● The task:
Find the line below with "入学式のあとは、体育館で学級" and the line with "白色的蝴蝶圖案單人坐椅為臥室". Output exactly those lines and everything between them, leaving out the pictures.

Data for review START

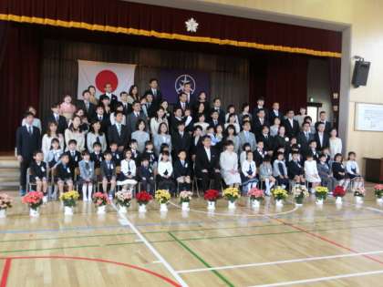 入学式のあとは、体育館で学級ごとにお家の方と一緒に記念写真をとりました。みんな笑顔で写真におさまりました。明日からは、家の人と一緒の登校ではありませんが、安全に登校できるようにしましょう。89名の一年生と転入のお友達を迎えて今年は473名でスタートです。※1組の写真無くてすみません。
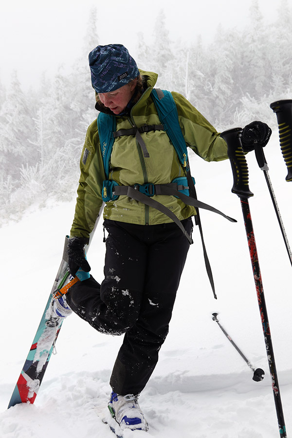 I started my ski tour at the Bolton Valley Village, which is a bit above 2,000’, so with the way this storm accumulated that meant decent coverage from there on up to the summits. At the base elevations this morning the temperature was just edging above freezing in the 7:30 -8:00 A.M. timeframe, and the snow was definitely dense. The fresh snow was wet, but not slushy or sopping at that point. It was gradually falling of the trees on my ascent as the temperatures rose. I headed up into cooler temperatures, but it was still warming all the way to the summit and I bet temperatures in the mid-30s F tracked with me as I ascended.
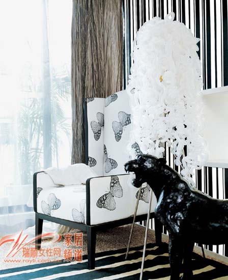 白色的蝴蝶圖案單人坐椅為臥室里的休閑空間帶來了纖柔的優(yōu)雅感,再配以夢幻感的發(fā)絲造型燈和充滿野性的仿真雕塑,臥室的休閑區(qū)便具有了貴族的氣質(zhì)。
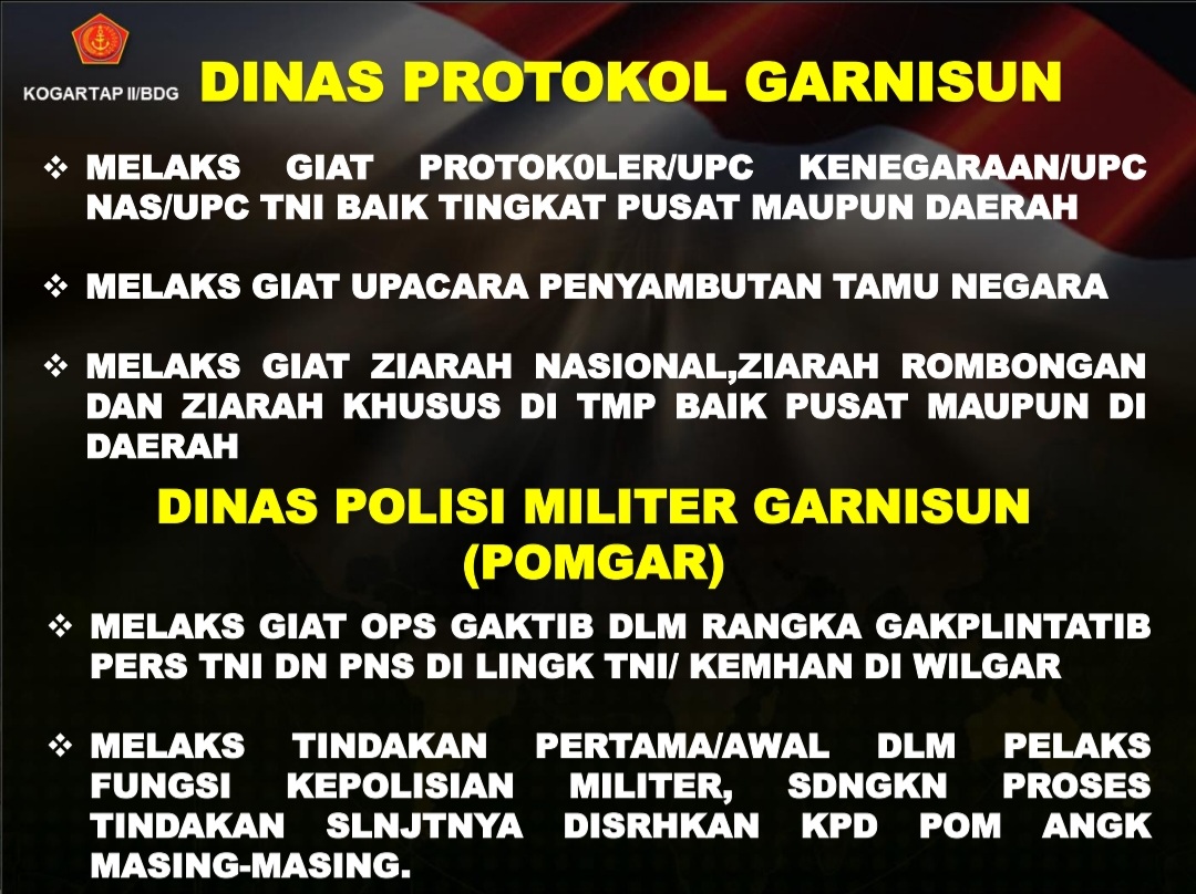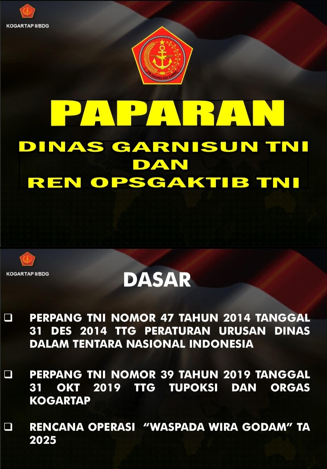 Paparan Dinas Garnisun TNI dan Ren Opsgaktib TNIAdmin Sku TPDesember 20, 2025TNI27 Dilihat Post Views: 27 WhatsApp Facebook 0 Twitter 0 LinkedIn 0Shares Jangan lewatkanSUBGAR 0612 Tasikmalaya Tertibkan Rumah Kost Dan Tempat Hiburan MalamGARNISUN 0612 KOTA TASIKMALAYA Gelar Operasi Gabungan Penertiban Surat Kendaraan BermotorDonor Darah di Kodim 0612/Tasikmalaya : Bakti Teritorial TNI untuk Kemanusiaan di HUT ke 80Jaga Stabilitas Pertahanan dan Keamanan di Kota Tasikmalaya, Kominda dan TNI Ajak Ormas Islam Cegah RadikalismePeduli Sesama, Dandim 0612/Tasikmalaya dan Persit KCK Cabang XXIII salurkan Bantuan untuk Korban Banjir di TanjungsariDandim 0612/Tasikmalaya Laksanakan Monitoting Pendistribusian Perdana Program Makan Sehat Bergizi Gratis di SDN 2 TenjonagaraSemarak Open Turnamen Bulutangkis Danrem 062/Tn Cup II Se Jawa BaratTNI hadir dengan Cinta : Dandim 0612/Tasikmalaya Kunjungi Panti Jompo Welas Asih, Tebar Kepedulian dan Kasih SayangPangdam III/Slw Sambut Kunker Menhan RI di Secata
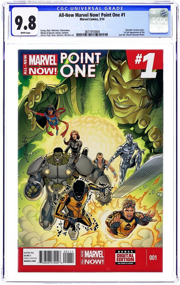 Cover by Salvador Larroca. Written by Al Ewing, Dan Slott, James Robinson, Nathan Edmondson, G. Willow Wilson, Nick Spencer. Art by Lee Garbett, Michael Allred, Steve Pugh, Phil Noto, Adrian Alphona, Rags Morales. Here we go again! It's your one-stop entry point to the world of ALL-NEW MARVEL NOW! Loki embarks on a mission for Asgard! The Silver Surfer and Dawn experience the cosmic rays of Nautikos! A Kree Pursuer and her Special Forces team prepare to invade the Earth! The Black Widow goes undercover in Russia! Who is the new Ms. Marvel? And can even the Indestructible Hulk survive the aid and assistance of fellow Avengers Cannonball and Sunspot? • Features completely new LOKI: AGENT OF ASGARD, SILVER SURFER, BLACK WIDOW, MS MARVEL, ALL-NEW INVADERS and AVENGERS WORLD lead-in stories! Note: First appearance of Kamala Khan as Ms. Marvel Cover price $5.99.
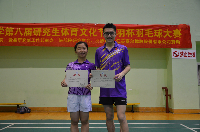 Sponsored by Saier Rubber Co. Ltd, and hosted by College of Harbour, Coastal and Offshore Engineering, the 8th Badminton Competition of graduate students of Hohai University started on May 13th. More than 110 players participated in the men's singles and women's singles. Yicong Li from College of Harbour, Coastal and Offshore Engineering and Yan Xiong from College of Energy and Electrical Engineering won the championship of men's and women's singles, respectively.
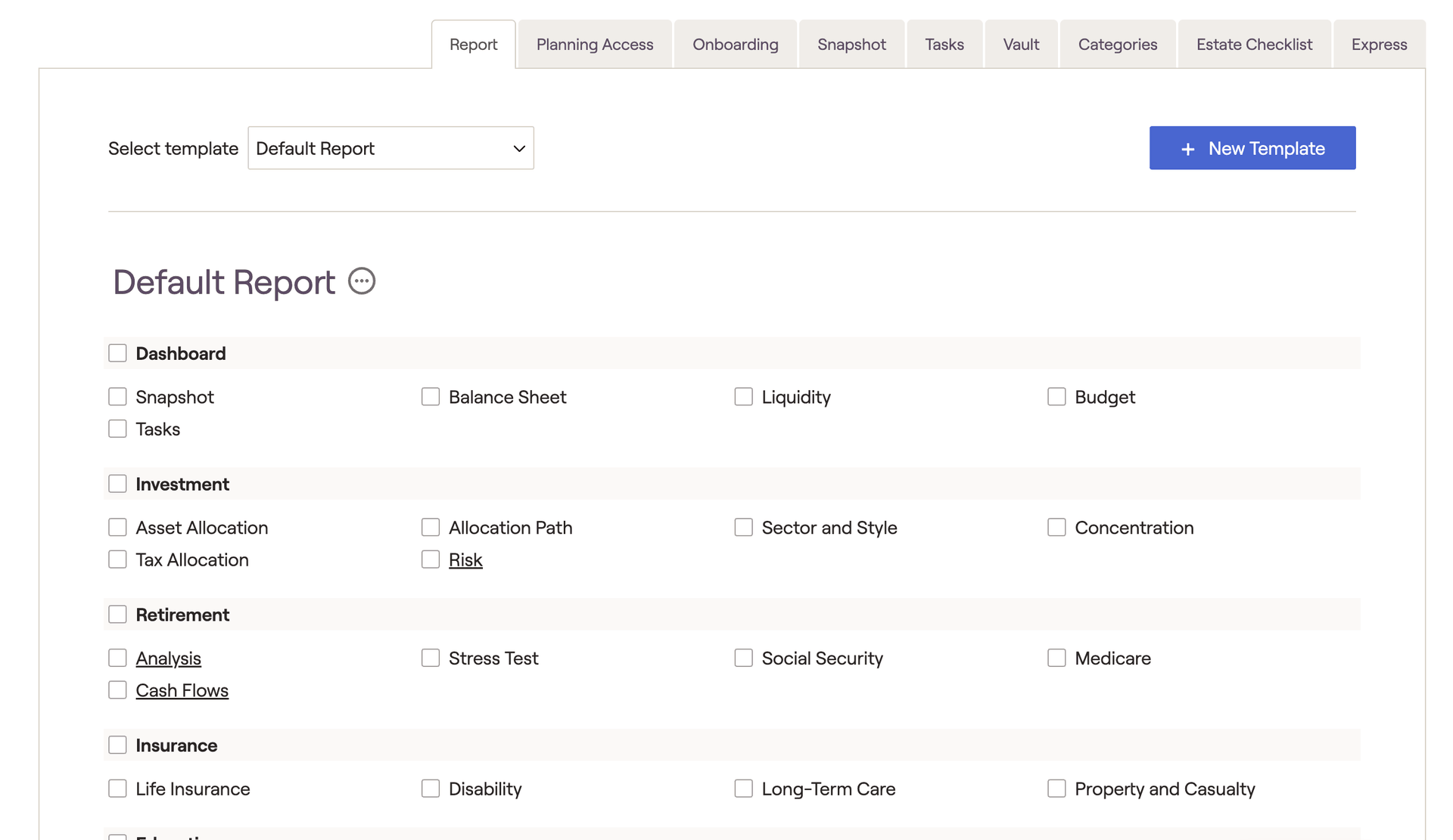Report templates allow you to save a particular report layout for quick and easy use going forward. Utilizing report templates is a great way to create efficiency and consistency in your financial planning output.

Data for review END
Data for review START

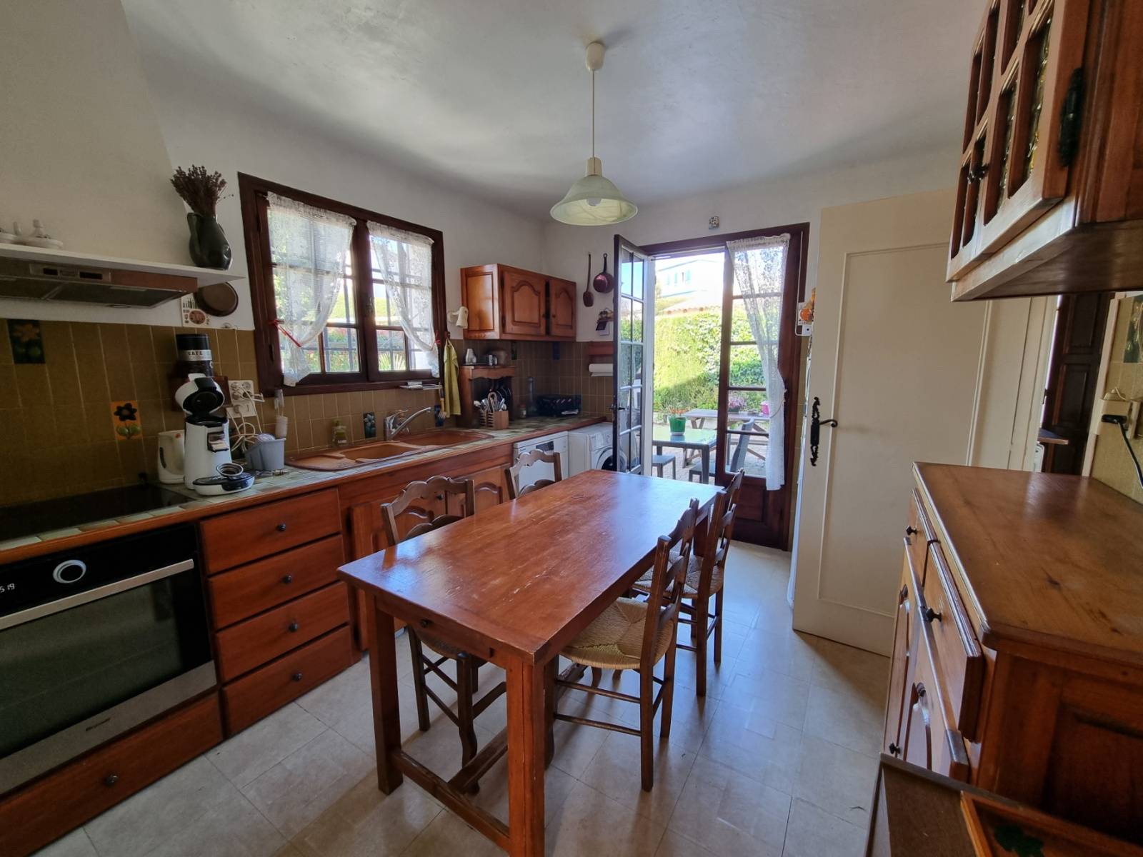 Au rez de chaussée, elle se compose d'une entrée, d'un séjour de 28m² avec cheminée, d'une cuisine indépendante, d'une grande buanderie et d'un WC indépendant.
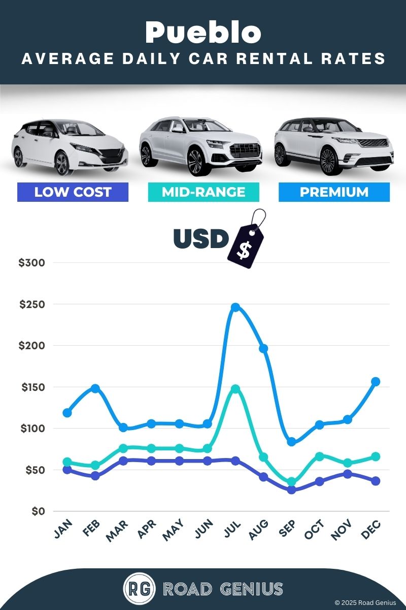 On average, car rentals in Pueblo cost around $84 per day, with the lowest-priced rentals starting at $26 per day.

Data for review END

● Written response:
 入学式のあとは、体育館で学級ごとにお家の方と一緒に記念写真をとりました。みんな笑顔で写真におさまりました。明日からは、家の人と一緒の登校ではありませんが、安全に登校できるようにしましょう。89名の一年生と転入のお友達を迎えて今年は473名でスタートです。※1組の写真無くてすみません。
 I started my ski tour at the Bolton Valley Village, which is a bit above 2,000’, so with the way this storm accumulated that meant decent coverage from there on up to the summits. At the base elevations this morning the temperature was just edging above freezing in the 7:30 -8:00 A.M. timeframe, and the snow was definitely dense. The fresh snow was wet, but not slushy or sopping at that point. It was gradually falling of the trees on my ascent as the temperatures rose. I headed up into cooler temperatures, but it was still warming all the way to the summit and I bet temperatures in the mid-30s F tracked with me as I ascended.
 白色的蝴蝶圖案單人坐椅為臥室里的休閑空間帶來了纖柔的優(yōu)雅感,再配以夢幻感的發(fā)絲造型燈和充滿野性的仿真雕塑,臥室的休閑區(qū)便具有了貴族的氣質(zhì)。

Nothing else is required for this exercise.